Fortunately this reception is more the exception than the rule. In Dunedin and Bluff things got a bit out of hand, but overall the South Island tour was great fun. Visits to the smaller country towns, Timaru (where guitarist Peter Bazely successfully took over from Claude Papesch, the 16-year-old blind band leader, who was ill), Ashburton (where teenagers came from all the surrounding farming districts), Oamaru, and all the other one-night stops have been grand fun. 

Blenheim provided a pleasant change. Hotel accommodation wasn’t to be had so all 11 members of the cast were put up at a hostel. 

“We could really relax, spent most of the days sunbathing, there was no need to dress up for meals – it was the best rest we have had since our two-week spell at Christmas when we returned to Auckland,” says Carol. 

As a group of young people (they range from 27 down to 16) they all get along pretty well together. 

Clive Weir is their appointed social organiser and a very popular member of the gang. Needless to say, invitations to parties pour in where ever they are. More often than not it’s left to Clive to select and accept. 

“In Christchurch,” recalls Carol, “we had canoe races on the Avon. It was hilarious, everyone tipping everyone else.”

Carol and Johnny sing together only at unofficial functions, when they and other members from the cast entertain at hospitals or old people’s homes. 

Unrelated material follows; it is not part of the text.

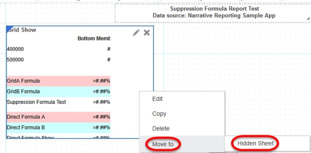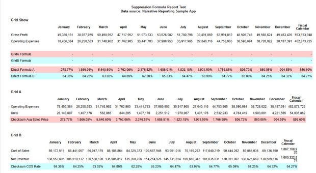 As you can see, the data is suppressed in the cells of the top formula set, which “cell references” the calculated formulas from the individual grids. This is not how it should behave. Grids A and B do have suppression set on them, but there is calculated data in the cells being referenced, and it’s actually showing. Therefore, the data should not be suppressed in “Grid Show”.

“Johnny is a wonderful person to work with,” Carol gave the unanimous opinion of all the cast. “He accepts advice in the same pleasant manner as he offers it.”

Tour manager Graham Dent copes with all their problems. He was more than hot under the collar on one occasion when mirrors in the dressing rooms were conspicuous by their absence. Everybody was abusing him and the atmosphere was getting pretty hot when suddenly Claude Papesch, blind saxophonist and pianist/band leader, added his complaint: “How can I go on the stage if I haven’t a mirror in my dressing room?” 

“If anyone else complains …” Graham started to yell. Suddenly he realised everybody was laughing at him, the situation became a joke, and once again Claude proved his popularity with them all.